Now move to the Discovery section; choose "Port scan (standard ports) from the drop-down menu".
After that, click on the Rating section and select Default
from the drop-down menu.
In the Report section, leave all the checkboxes at their default selection, as this scan is the simplest; there is no need to customize the generated reports.
Then, in the Advanced section, keep the Scan Type at Default
as this is a basic scan and no advanced customizations are required.
Finally, save the scan by clicking Save and you will be redirected to the My Scans folder. There, click the Play/Start button in front of the scan.
Once the scan is complete, you can continue to the next section, where we'll review the results.
Reviewing scan results
Once the scan is complete, click on it and you will be taken to the scan results section. You can generate an HTML report of the scan results by clicking the Report button in the upper right corner. A dialog will open; there, choose HTML and continue. Then, the report will be downloaded to your downloads folder.

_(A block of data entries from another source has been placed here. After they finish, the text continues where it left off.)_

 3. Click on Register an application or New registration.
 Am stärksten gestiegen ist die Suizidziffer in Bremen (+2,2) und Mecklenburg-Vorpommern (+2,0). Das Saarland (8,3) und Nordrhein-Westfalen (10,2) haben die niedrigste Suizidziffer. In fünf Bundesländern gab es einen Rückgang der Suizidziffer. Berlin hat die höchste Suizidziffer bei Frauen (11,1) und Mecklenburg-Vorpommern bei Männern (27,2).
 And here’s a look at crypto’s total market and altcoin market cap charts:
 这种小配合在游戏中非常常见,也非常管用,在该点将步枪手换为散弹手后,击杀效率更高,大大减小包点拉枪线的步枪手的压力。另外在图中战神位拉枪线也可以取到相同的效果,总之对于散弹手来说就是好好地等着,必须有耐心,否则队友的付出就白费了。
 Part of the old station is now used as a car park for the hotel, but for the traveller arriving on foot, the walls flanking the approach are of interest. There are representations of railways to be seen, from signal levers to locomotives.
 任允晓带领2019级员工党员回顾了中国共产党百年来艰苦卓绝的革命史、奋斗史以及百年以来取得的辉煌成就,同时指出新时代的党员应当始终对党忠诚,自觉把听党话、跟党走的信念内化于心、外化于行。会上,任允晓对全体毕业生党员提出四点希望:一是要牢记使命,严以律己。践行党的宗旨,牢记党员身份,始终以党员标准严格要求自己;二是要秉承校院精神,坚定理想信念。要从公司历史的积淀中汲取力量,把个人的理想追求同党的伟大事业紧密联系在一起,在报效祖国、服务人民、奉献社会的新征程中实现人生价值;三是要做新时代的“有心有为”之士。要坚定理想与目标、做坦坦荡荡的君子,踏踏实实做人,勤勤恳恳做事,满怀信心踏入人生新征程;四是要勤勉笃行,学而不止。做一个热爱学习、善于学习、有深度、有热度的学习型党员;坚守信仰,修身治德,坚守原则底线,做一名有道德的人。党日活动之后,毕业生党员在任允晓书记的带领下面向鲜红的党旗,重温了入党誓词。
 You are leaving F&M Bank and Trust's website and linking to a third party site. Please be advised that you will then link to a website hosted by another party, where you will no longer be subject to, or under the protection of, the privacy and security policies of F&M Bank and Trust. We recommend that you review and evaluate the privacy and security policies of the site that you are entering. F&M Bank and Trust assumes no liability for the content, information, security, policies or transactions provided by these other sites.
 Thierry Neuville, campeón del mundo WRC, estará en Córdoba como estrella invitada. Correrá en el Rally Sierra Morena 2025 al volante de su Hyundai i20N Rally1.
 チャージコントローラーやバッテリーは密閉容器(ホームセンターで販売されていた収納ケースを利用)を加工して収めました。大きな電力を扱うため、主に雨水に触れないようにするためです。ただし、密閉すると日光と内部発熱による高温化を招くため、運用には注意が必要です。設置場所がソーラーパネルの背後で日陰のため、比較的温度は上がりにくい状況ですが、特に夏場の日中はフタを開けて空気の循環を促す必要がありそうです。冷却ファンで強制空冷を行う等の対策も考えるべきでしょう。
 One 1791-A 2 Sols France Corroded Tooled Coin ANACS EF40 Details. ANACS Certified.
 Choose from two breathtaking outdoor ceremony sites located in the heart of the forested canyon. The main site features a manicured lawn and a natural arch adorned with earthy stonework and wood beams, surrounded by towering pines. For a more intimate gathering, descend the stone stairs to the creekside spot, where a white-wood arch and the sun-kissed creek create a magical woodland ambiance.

Nessus will show you all the results and information gleaned from the scan here. There are five categories of results found:
- Critical - Critical or easily exploitable vulnerabilities.
- High - Vulnerabilities that skilled hackers can exploit.
- Medium: These vulnerabilities are usually not easily exploited and can be fixed with effort.
- Low - These vulnerabilities include standard patches that are not updated, etc. A high level of expertise is required to exploit such vulnerabilities.
- About - This section provides basic information about your machine, such as hardware and operating system details.
Conclusion
This article provided a step-by-step guide for installing Nessus on Ubuntu 22.04 and used the same guide to scan another Ubuntu 22.04 target computer. We have also explained the results provided by a Basic Network Scan
and exported the same as an HTML report.
Anyone who wants to expand their knowledge of Nessus can always refer to the Nessus Documentation. Also, to best understand Nessus tools, you need to have a fair understanding of computer networking. This could be the next step for anyone looking to enter the world of cybersecurity.